The New Face of the Community Oncology Practice

July/August 2010, Vol 1, No 3

Community oncologists are facing big changes to the way they have traditionally practiced, and they would be wise to accept, adapt, and move on, speakers said at a session at the 2010 ASCO annual meeting titled “The Challenge of Financial Survival.”

Economic pressures are essentially killing many community practices, according to Elaine L. Towle, CMPE, director of oncology services at Oncology Metrics, a division of Altos Solutions, Los Altos, CA, who drew on data from the National Practice Benchmark, an annual survey of nearly 200 US practices that her company conducts.

“Total collected revenue in these practices increased 6% from 2007 to 2008, and at first glance this is good news. However, total practice expense increased 16% over the same period, resulting in fewer dollars available to support practice operations,” Ms Towle said. “When oncology practice expenses rise more rapidly than revenue, the result is lower physician incomes.”

In the most recent (2009) survey of 190 oncologists, 73% of respondents were still independent physician-owned practices but changes were occurring. Eleven percent practiced oncology within a multispecialty group, 6% were hospital-affiliated physicians or hospital employees, 5% were physician-owned but had a hospital or corporate affiliation, 2% were affiliated with US Oncology, 1% were academic-affiliated, and 2% described their practice setting as “other.”

Perhaps more telling were their predictions: only 20% envisioned their practices and business structure remaining “unchanged and viable” for at least 5 years, 20% said they are “changing now,” and 60% predicted they will be stable for only “the foreseeable future.”

What is pressuring oncologists to think about different business models? Declining physician compensation was the main reason (54%), according to the survey. Also cited were loss of referrals as a result of local competition (19%) and the need to reduce practice overhead expenses (15%). Interestingly, only 4% cited reduced reimbursements as a reason, and just 3% listed lower drug-cost margins.

But oncologists have seen drug margin as a percentage of total revenue increasingly fall, from 45% in 2002 to just 9% today, according to Ms Towle. She noted that the lost revenue contributes to the “dramatic decline in the funds available to run a medical oncology practice.”

Still, profit related to drugs is more important than ever, she added, telling the physicians, “If drug management is not a core competency in your practice, you are losing revenue...Practices that are still in the buy-and-bill model are greatly impacted.” The “new normal,” with regard to drug revenue, she said, is now “low margin, high volume.”

More Problems and Pressures

Oncologists face other problems as well: greater regulatory exposure, information overload, scarcity of resources, increased practice size, and changes in patient profiles, Ms Towle said.

The patient base, for example, now includes more Medicare patients lacking secondary insurance. More than half the survey respondents said at least 10% of their Medicare patients have no secondary insurance, leading more physicians to refer patients for chemotherapy visits outside of their practices.

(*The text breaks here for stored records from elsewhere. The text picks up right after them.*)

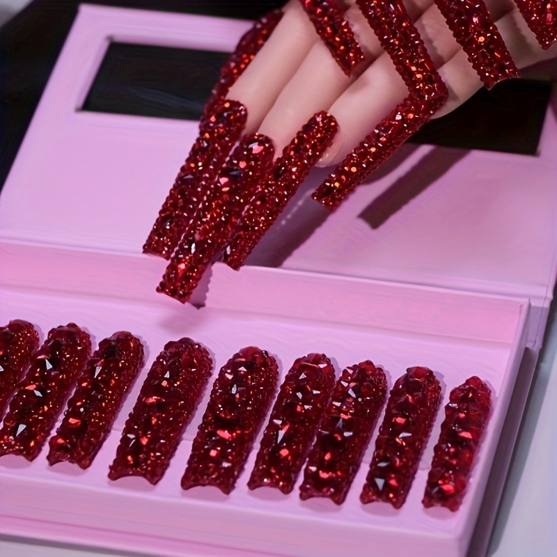 Loud. Luxe. Legendary. This handcrafted acrylic set features ultra-long rectangular nails drenched in red rhinestones for a textured, high-shine finish that commands attention. Every nail is a statement—bold, sculptural, and dripping in glam. Perfect for photo shoots, performances, or any moment you want to dominate the room. ✨ Lightweight. Long-lasting. Limitless slay. Add to cart and reign in red.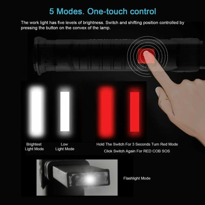Светильник рь рабочий магнитный, 5 режимов, USB, водонепроницаемый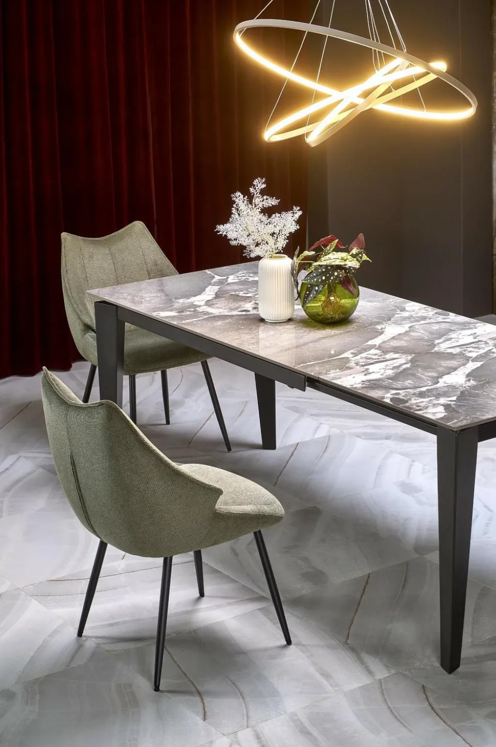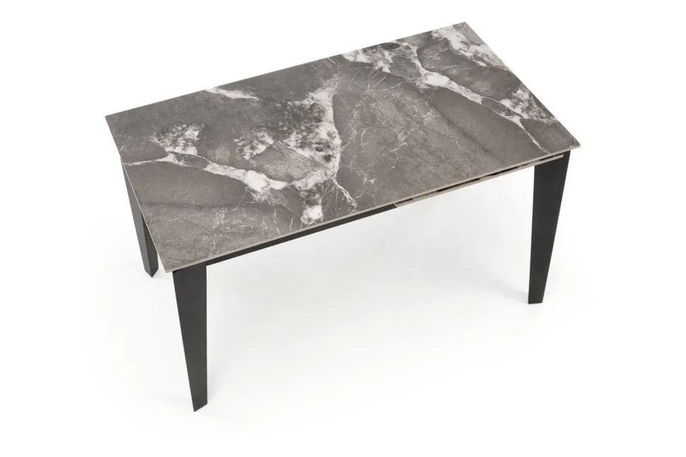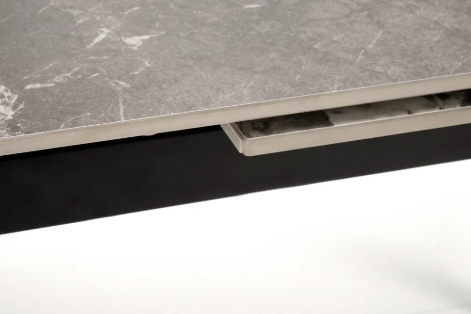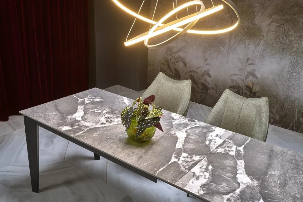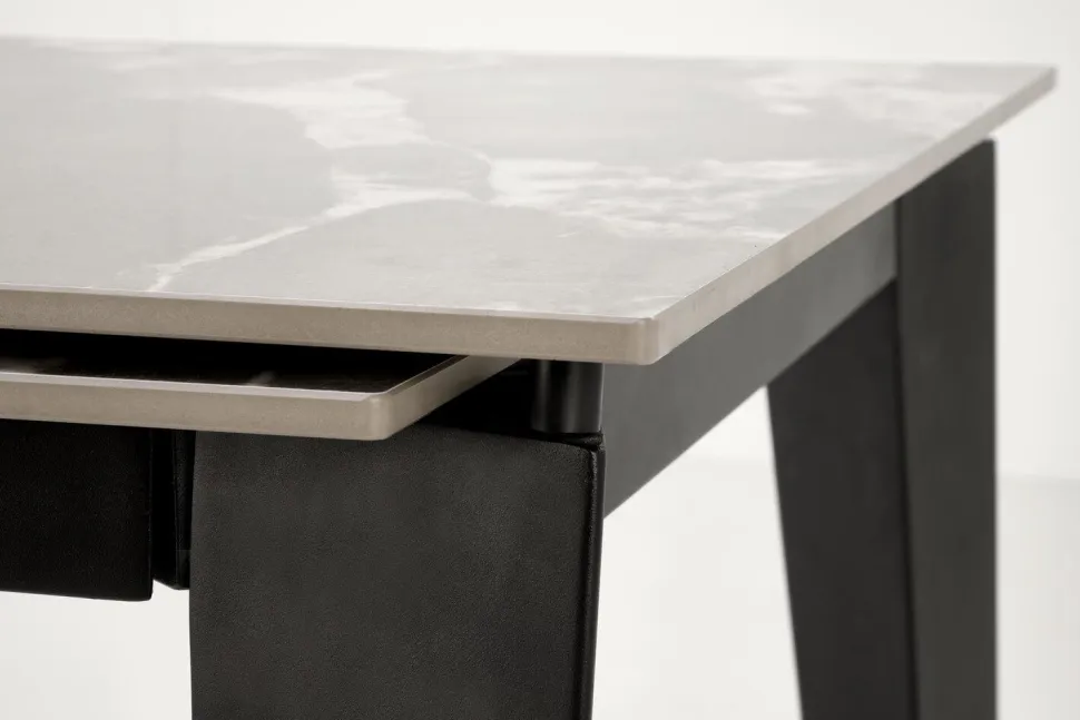 Stół rozkładany Asniki to doskonały wybór dla miłośników nowoczesnego designu połączonego z funkcjonalnością. Jego elegancki wygląd przyciąga wzrok, a solidna konstrukcja zapewnia stabilność i wytrzymałość na lata. Cztery czarne, stalowe nogi nadają mu wyjątkowego charakteru, harmonijnie komponując się z popielatym, marmurowym blatem. Blat ze spieku, imitujący wzorzysty popielaty marmur, dodaje stołu prestiżu i luksusu, dzięki czemu staje się on centralnym punktem każdego wnętrza.

Although about half the respondents refer patients for 40 chemotherapy visits at most per year, 33% refer for up to 400 visits and 9% refer for more than 1000 visits.

An additional drain on resources comes from handling insurance and payer issues, with the average practice employing 1.2 billing staff for every physician and 0.4 patient financial advocates.

How Practices Are Coping

One increasingly common means of coping with the changing environment is to consolidate: to sell one’s practice to a hospital or otherwise join a hospital physician network, to merge to form a larger organization, or to join a university system or insurance “preferred” network of physicians. In addition, more practices are moving away from the “buy and bill” model and are incorporating new entities such as specialty pharmacy and centralized infusion services.

Ms Towle advised physicians to do “strategic planning,” and become involved in aspects of healthcare reform that would serve their practices, such as demonstration projects and clinical process measurements. “Pay-for-service is going away; new systems will pay for quality and outcomes,” she said.

Oncologists can also partner with others in the community to increase efficiency, especially in areas that require capital or specialized, highly paid staff, such as radiation, imaging, and infusion therapy. Most importantly, practices must be able to adapt, she emphasized. “The good old days are gone,” Ms Towle said. “New practice models are developing. Investigate and embrace them.”